= What you will do =
Could you restate the entries below word for word and leave out the pictures?

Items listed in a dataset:

>>>

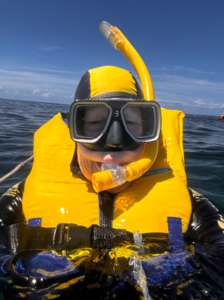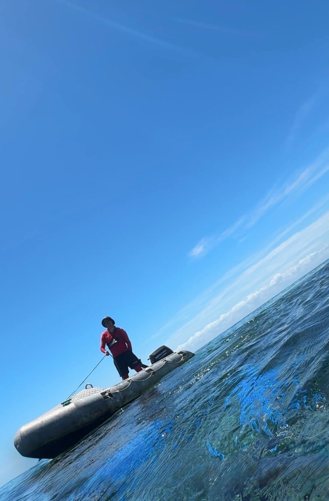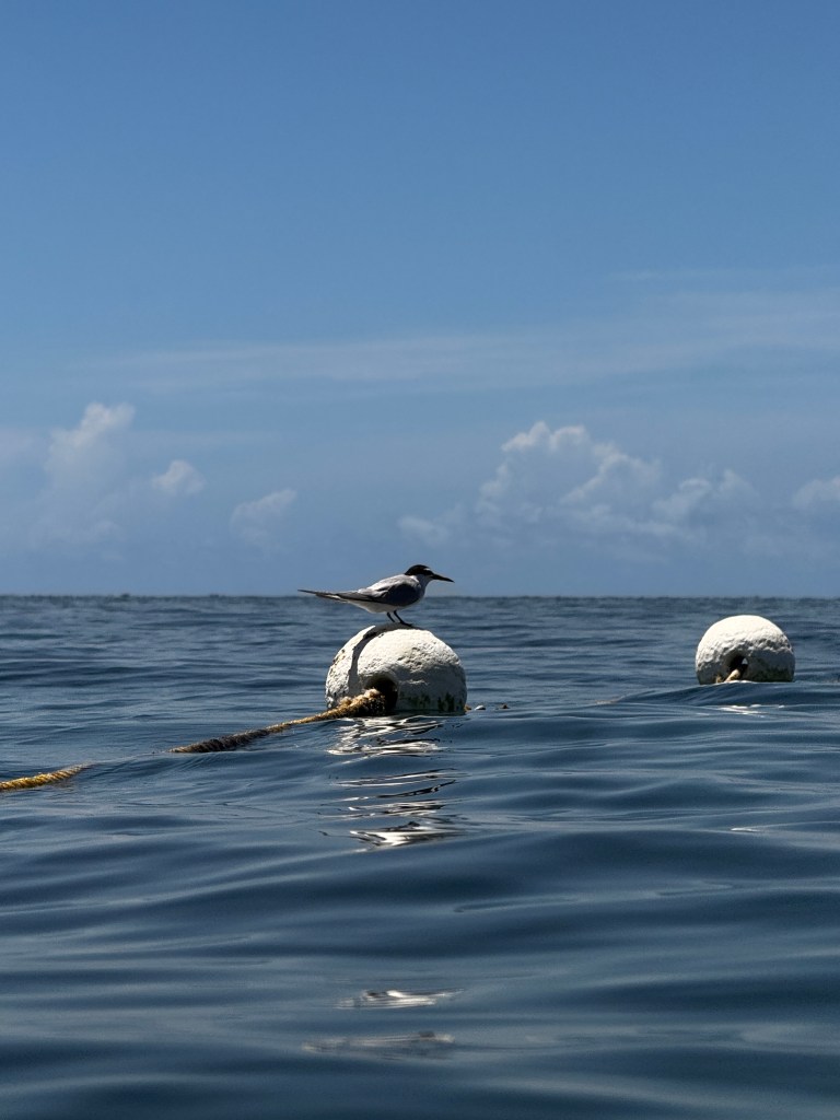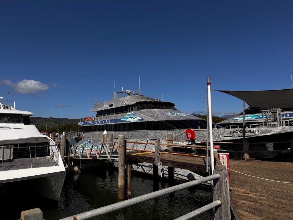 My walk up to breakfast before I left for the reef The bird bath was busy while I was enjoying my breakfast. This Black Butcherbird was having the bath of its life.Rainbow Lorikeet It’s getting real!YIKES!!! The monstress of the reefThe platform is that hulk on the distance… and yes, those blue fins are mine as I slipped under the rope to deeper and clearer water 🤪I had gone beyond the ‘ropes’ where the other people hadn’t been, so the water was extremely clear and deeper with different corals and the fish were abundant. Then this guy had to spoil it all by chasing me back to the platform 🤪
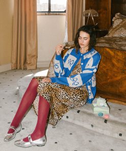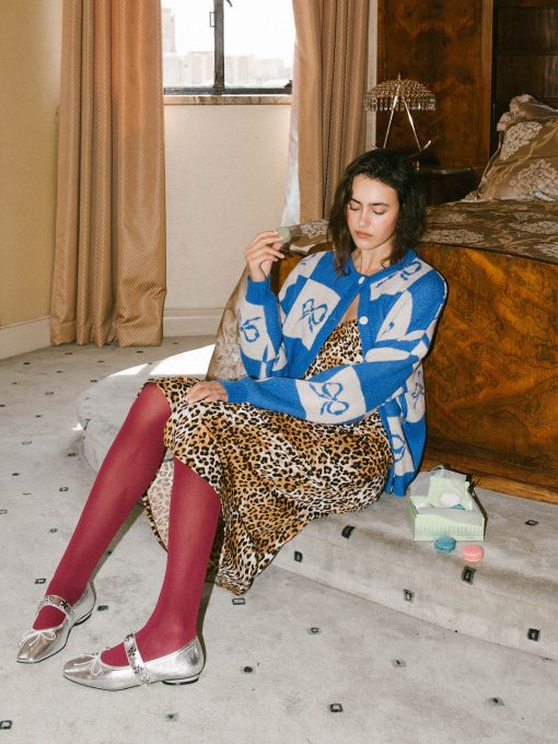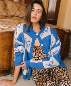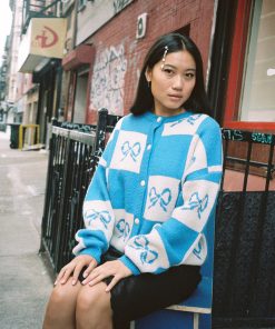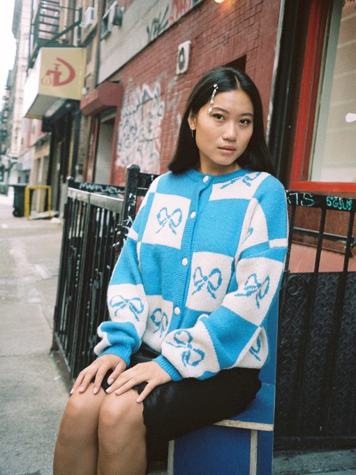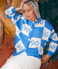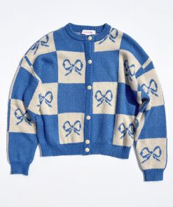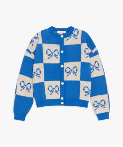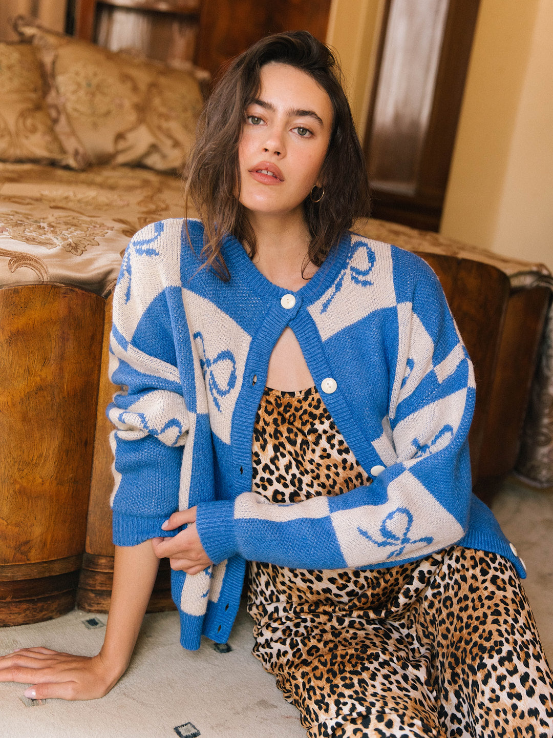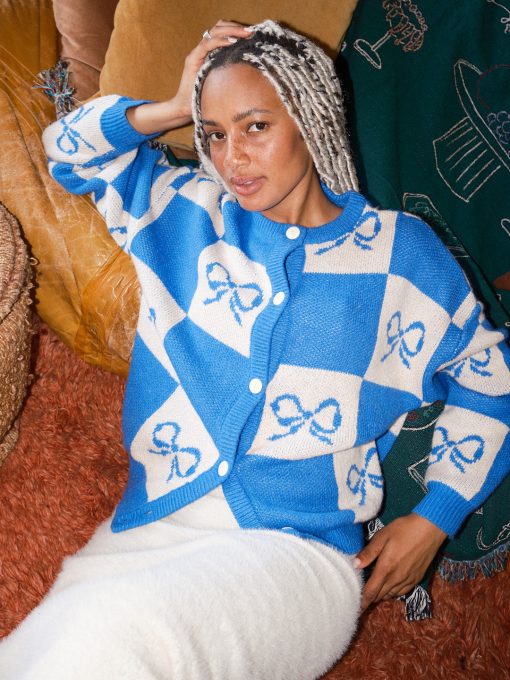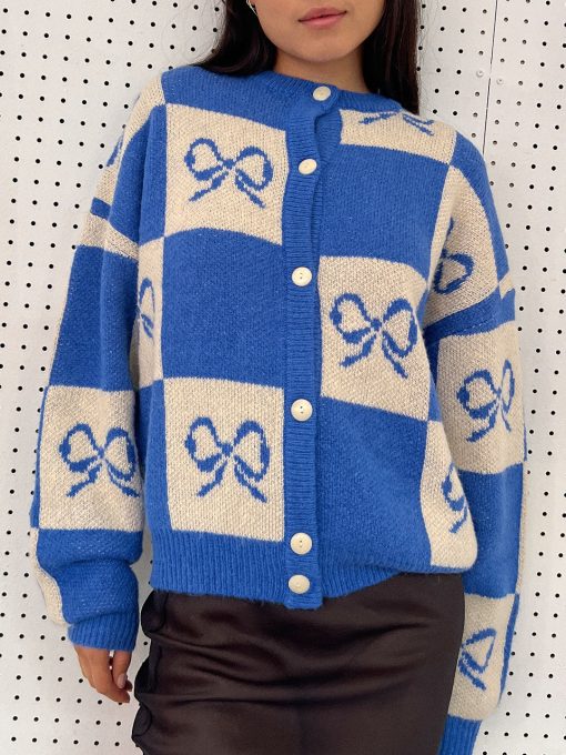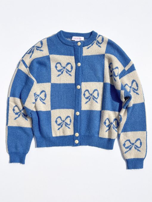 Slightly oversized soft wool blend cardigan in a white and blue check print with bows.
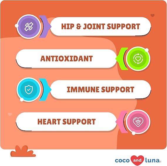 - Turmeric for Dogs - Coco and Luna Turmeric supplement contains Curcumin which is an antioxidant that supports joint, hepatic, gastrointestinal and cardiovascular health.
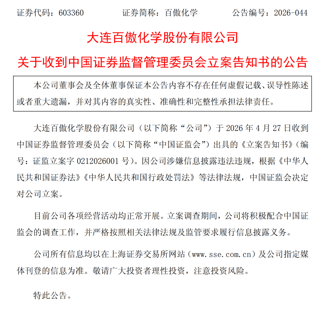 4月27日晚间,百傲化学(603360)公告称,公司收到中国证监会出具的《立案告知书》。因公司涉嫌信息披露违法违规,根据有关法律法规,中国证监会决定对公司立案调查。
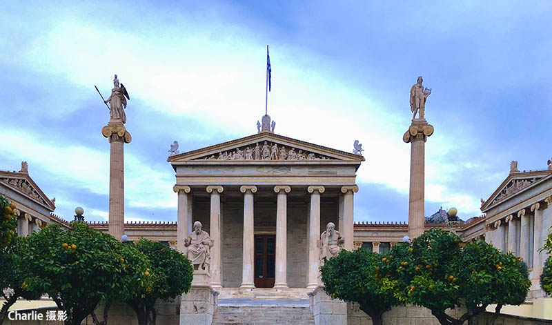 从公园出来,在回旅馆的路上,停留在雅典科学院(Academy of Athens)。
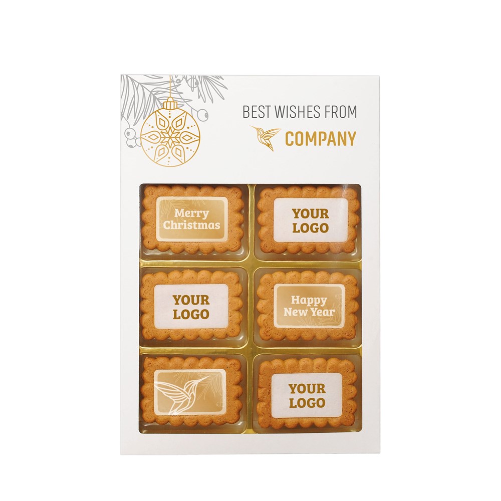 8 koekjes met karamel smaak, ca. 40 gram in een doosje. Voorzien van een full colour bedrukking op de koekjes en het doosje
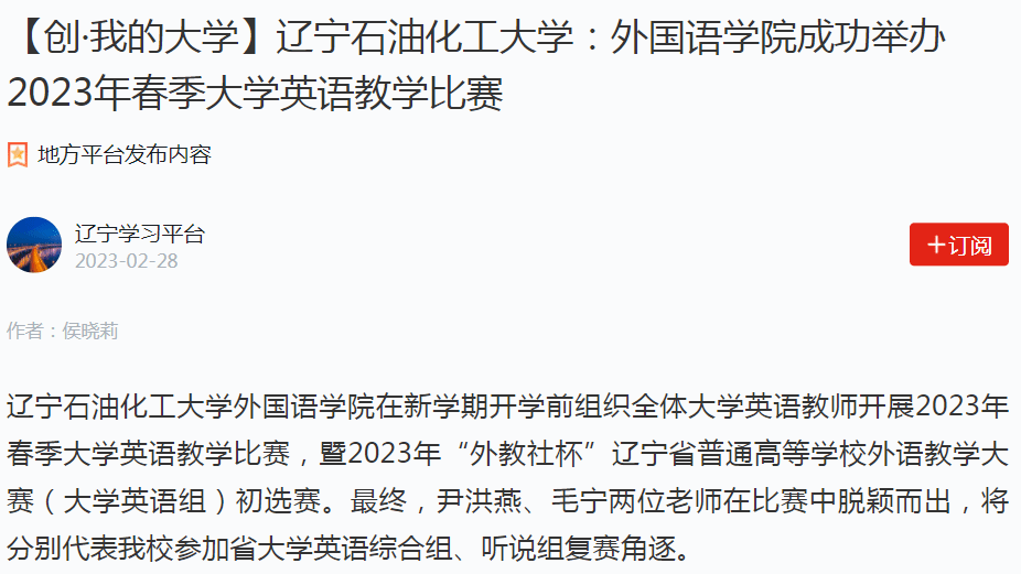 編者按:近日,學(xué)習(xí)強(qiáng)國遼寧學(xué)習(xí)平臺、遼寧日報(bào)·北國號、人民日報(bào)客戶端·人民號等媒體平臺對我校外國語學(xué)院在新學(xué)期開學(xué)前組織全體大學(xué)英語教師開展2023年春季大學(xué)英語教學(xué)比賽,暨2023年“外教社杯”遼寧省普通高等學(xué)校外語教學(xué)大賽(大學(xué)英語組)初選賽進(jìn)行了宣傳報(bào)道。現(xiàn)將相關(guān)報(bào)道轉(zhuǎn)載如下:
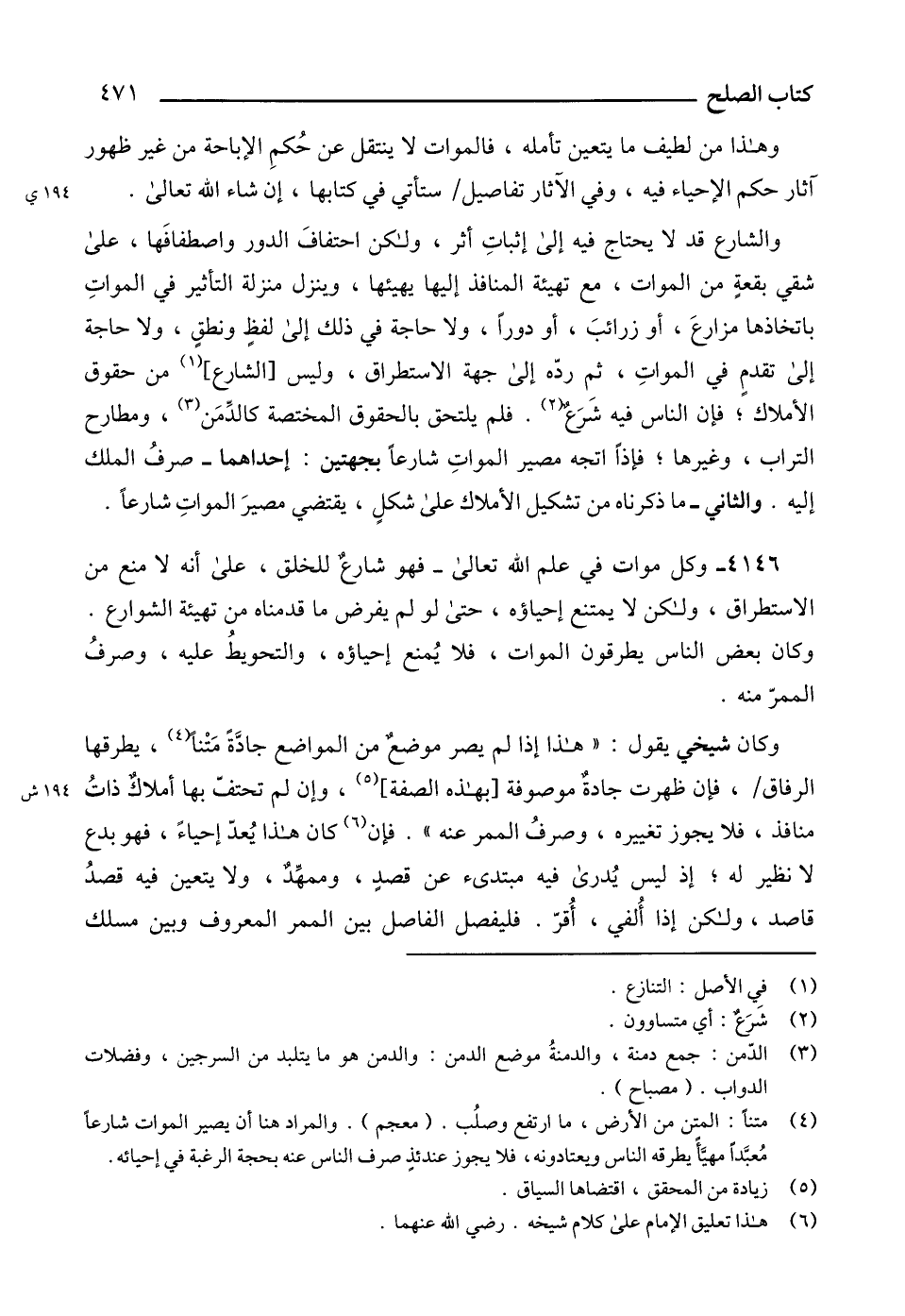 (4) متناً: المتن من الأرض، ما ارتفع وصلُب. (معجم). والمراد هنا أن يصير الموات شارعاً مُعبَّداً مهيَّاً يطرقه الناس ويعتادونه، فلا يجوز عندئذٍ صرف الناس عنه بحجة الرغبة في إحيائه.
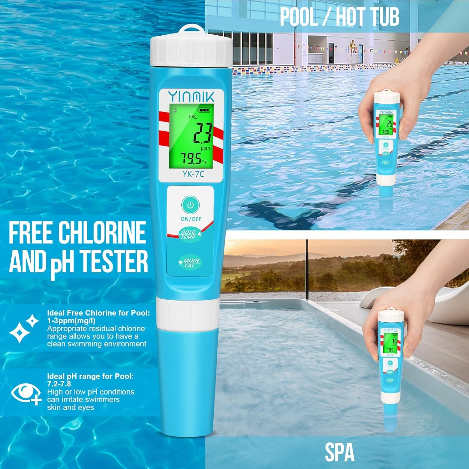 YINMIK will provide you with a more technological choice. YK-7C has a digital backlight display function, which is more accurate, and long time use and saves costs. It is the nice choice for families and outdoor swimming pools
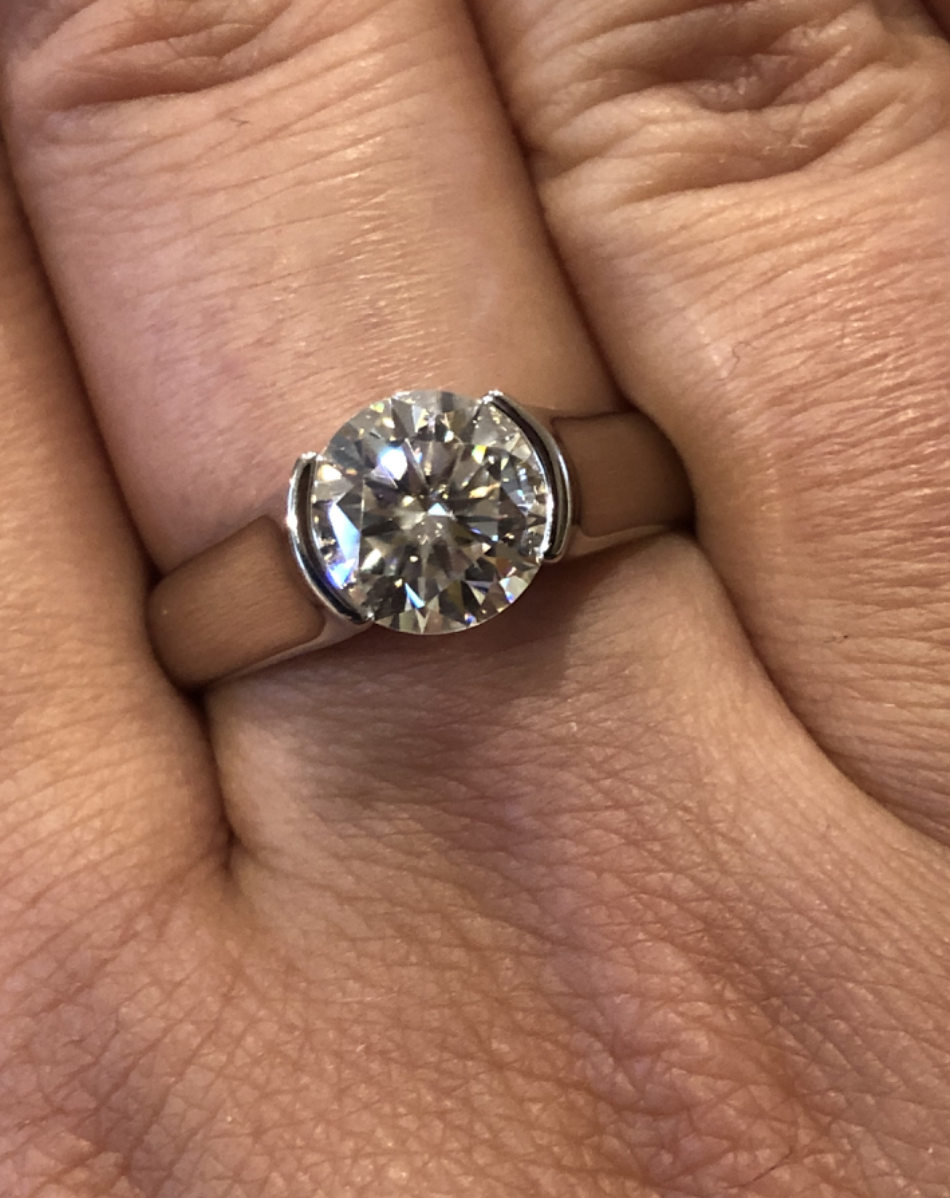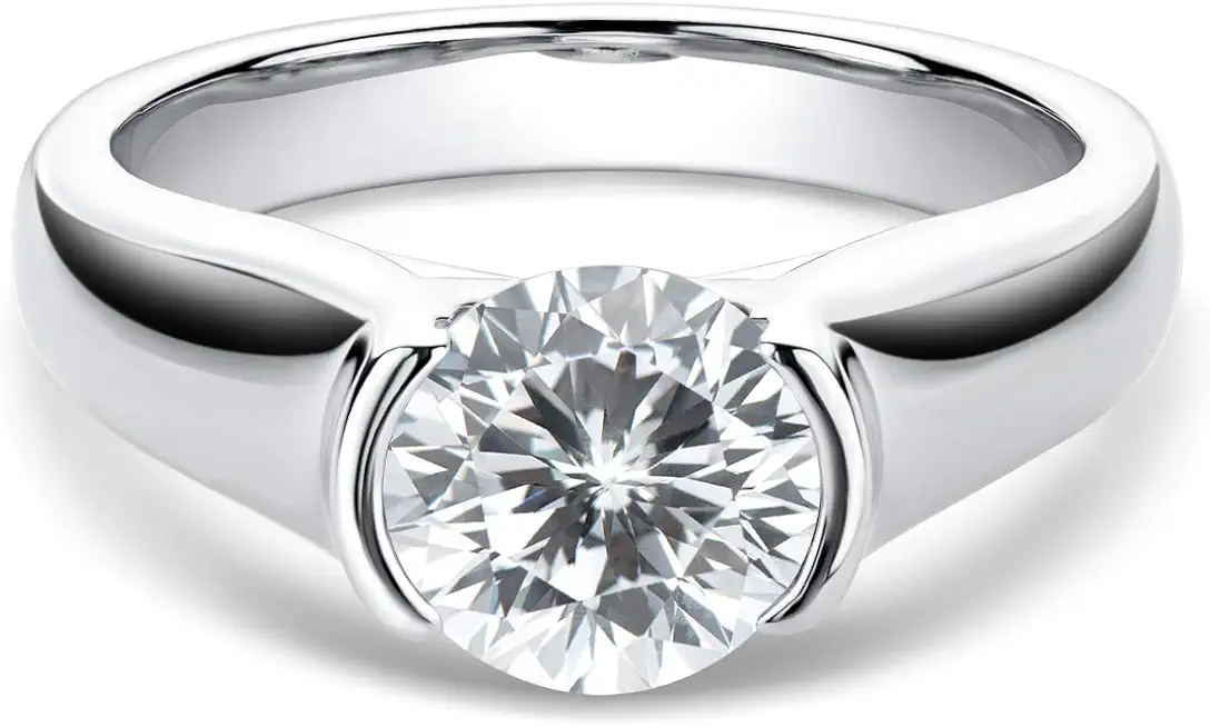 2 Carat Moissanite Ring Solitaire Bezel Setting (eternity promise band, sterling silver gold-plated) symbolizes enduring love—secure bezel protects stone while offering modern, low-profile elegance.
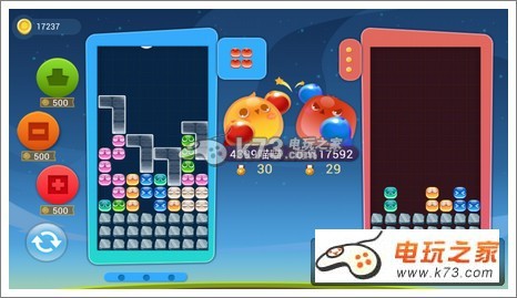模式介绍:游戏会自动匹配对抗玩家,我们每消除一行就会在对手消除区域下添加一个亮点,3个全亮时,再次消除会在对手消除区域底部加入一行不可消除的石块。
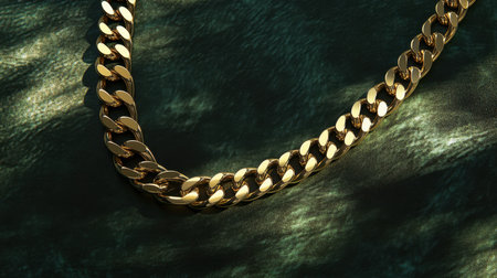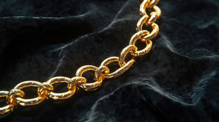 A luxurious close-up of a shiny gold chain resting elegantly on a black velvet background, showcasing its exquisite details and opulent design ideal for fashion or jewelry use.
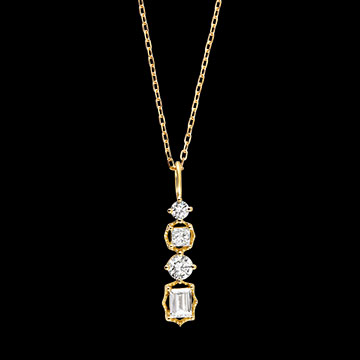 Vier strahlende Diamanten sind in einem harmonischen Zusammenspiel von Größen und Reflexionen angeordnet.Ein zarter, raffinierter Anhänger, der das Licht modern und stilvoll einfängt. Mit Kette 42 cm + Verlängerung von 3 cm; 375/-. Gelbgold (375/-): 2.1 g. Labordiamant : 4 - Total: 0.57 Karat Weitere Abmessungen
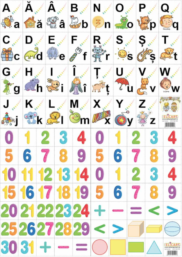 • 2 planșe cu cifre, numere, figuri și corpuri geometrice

<<<

= Response to the task =
 My walk up to breakfast before I left for the reef The bird bath was busy while I was enjoying my breakfast. This Black Butcherbird was having the bath of its life.Rainbow Lorikeet It’s getting real!YIKES!!! The monstress of the reefThe platform is that hulk on the distance… and yes, those blue fins are mine as I slipped under the rope to deeper and clearer water 🤪I had gone beyond the ‘ropes’ where the other people hadn’t been, so the water was extremely clear and deeper with different corals and the fish were abundant. Then this guy had to spoil it all by chasing me back to the platform 🤪
 Slightly oversized soft wool blend cardigan in a white and blue check print with bows.
 - Turmeric for Dogs - Coco and Luna Turmeric supplement contains Curcumin which is an antioxidant that supports joint, hepatic, gastrointestinal and cardiovascular health.
 4月27日晚间,百傲化学(603360)公告称,公司收到中国证监会出具的《立案告知书》。因公司涉嫌信息披露违法违规,根据有关法律法规,中国证监会决定对公司立案调查。
 从公园出来,在回旅馆的路上,停留在雅典科学院(Academy of Athens)。
 8 koekjes met karamel smaak, ca. 40 gram in een doosje. Voorzien van een full colour bedrukking op de koekjes en het doosje
 編者按:近日,學(xué)習(xí)強(qiáng)國遼寧學(xué)習(xí)平臺、遼寧日報(bào)·北國號、人民日報(bào)客戶端·人民號等媒體平臺對我校外國語學(xué)院在新學(xué)期開學(xué)前組織全體大學(xué)英語教師開展2023年春季大學(xué)英語教學(xué)比賽,暨2023年“外教社杯”遼寧省普通高等學(xué)校外語教學(xué)大賽(大學(xué)英語組)初選賽進(jìn)行了宣傳報(bào)道。現(xiàn)將相關(guān)報(bào)道轉(zhuǎn)載如下:
 (4) متناً: المتن من الأرض، ما ارتفع وصلُب. (معجم). والمراد هنا أن يصير الموات شارعاً مُعبَّداً مهيَّاً يطرقه الناس ويعتادونه، فلا يجوز عندئذٍ صرف الناس عنه بحجة الرغبة في إحيائه.
 YINMIK will provide you with a more technological choice. YK-7C has a digital backlight display function, which is more accurate, and long time use and saves costs. It is the nice choice for families and outdoor swimming pools
 2 Carat Moissanite Ring Solitaire Bezel Setting (eternity promise band, sterling silver gold-plated) symbolizes enduring love—secure bezel protects stone while offering modern, low-profile elegance.
模式介绍:游戏会自动匹配对抗玩家,我们每消除一行就会在对手消除区域下添加一个亮点,3个全亮时,再次消除会在对手消除区域底部加入一行不可消除的石块。
 A luxurious close-up of a shiny gold chain resting elegantly on a black velvet background, showcasing its exquisite details and opulent design ideal for fashion or jewelry use.
 Vier strahlende Diamanten sind in einem harmonischen Zusammenspiel von Größen und Reflexionen angeordnet.Ein zarter, raffinierter Anhänger, der das Licht modern und stilvoll einfängt. Mit Kette 42 cm + Verlängerung von 3 cm; 375/-. Gelbgold (375/-): 2.1 g. Labordiamant : 4 - Total: 0.57 Karat Weitere Abmessungen
 • 2 planșe cu cifre, numere, figuri și corpuri geometrice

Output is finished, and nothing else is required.